Подвинула ногой от двери половичок к рукомойнику, поставила на него таз, рядом на табуретку - тазик поменьше, положила мочалку, мыло, принесла большой чайник с горячей водой, налила ее в рукомойник и тазик, поставила на пол ковш с холодной водой.
- В большой таз встанешь, из маленького ополоснешься. Не хватит - в чайнике еще вода есть. Вот полотенце, вот халат мой - натянешь, пока я тебе трусы и майку принесу. Я тебя закрою, тут уже ходят по коридору, - она торопливо одевалась, - все, я побежала.

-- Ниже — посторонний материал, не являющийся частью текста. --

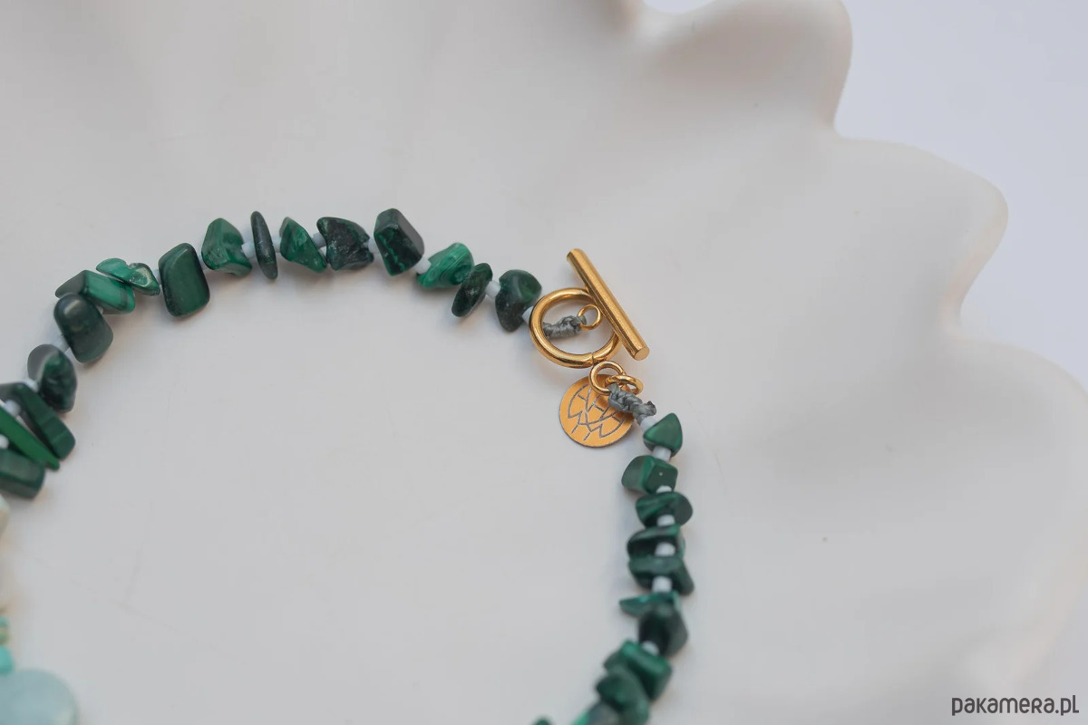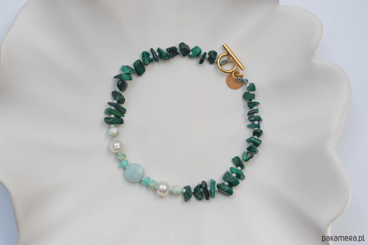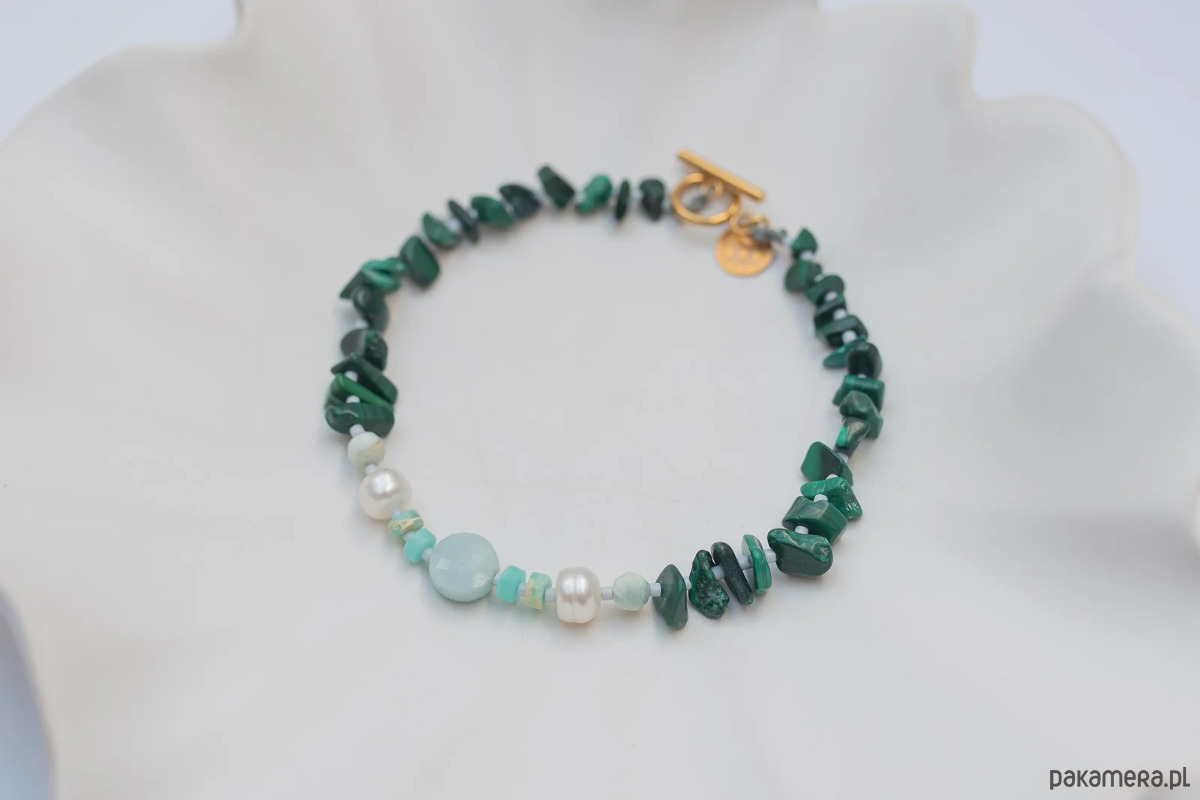 Użyte materiały: Malachit, Amazonit, Jaspis Cesarski, Perła Nylon, Stal Chirurgiczna.

Щелкнул замок, заперла его.
Саша поднялся с кровати, встал в большой таз, намылил под рукомойником мочалку, натерся.
Давно не мылся, черт возьми, месяц, наверное. Он тер руки, плечи, снова мылил мочалку, стараясь не расплескать воду, снял с табуретки маленький тазик, сел, так удобнее намыливать ноги, ступни.
Конечно, не баня, конечно, не ванна на Арбате, а все же хорошо, замечательно!
Он вытерся, натянул на себя Людин халат, халат был узок, но байка приятно согревала спину и грудь, уселся на кушетке, подобрав под себя ноги. Хорошо! Хоть какое-то подобие нормальной человеческой жизни, никуда не надо бежать, торопиться, пересаживаться с поезда на поезд, что-то затравленно придумывать, сочинять. Сидит в чистой уютной комнате, в городе, не в деревне, как не радоваться такой удаче? Люда не предложила ему привезти чемодан с вокзала, значит, не собирается задерживать у себя надолго. Ну что ж, правильно. И то спасибо: хоть передохнул немного, расслабился, отодвинул в памяти арест, тюрьму, ссылку, Ангару, Кежму, Тайшет. И о Варе не думал, не страдал больше, не ревновал, пришел в себя. Даже Москву вспоминал без особой печали, что делать, закрыта для него Москва, да и никого у него там не осталось, кроме мамы.
Иллюзии кончились, начинается борьба за выживание, зацепится ли он в Калинине, уедет ли в Рязань или еще куда-нибудь, легко нигде не будет. Как повезет! Повезло же в Калинине, попался добрый человек.
Вернулась Люда, бросила Саше пакет:
- Лови свои трусы. Черных не было, купила синие.
- А тебе больше нравятся черные? - улыбнулся он.
- А то...
Вынесла таз, ковш, чайник, свернула половичок, наклонилась, вытирая пол, юбка поднялась, натянулась на бедрах.
- Поди ко мне!
- Нет, - она выпрямилась, - сейчас обедать будем.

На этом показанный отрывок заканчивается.